** Data records **
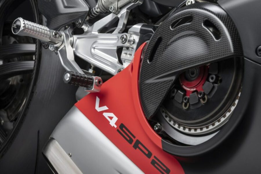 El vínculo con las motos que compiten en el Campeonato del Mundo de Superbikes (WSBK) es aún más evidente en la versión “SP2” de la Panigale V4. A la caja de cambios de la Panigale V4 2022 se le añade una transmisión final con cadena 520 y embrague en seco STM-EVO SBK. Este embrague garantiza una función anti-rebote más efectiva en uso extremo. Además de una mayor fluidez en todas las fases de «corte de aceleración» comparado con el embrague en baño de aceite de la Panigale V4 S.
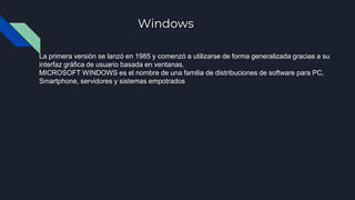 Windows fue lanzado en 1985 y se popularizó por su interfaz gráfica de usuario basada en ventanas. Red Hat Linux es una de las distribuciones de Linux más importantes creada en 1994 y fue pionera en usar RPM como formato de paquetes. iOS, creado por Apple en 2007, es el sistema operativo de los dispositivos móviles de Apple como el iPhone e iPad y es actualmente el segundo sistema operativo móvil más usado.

* * *

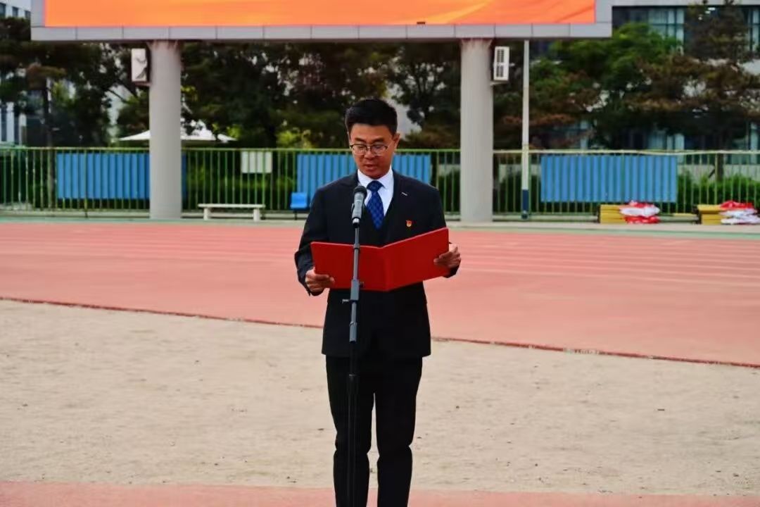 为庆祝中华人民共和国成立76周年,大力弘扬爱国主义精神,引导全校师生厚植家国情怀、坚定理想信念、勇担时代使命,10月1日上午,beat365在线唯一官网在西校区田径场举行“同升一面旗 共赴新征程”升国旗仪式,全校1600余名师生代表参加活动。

* * *

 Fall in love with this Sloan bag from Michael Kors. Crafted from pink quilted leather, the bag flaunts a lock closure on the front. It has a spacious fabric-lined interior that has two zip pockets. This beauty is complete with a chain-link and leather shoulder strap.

** Problem to work on **
Begin at the line in the entries above that has "El vínculo con", stop after the line that has "Windows fue lanzado", and output exactly those lines without pictures.

** Written reply **
 El vínculo con las motos que compiten en el Campeonato del Mundo de Superbikes (WSBK) es aún más evidente en la versión “SP2” de la Panigale V4. A la caja de cambios de la Panigale V4 2022 se le añade una transmisión final con cadena 520 y embrague en seco STM-EVO SBK. Este embrague garantiza una función anti-rebote más efectiva en uso extremo. Además de una mayor fluidez en todas las fases de «corte de aceleración» comparado con el embrague en baño de aceite de la Panigale V4 S.
 Windows fue lanzado en 1985 y se popularizó por su interfaz gráfica de usuario basada en ventanas. Red Hat Linux es una de las distribuciones de Linux más importantes creada en 1994 y fue pionera en usar RPM como formato de paquetes. iOS, creado por Apple en 2007, es el sistema operativo de los dispositivos móviles de Apple como el iPhone e iPad y es actualmente el segundo sistema operativo móvil más usado.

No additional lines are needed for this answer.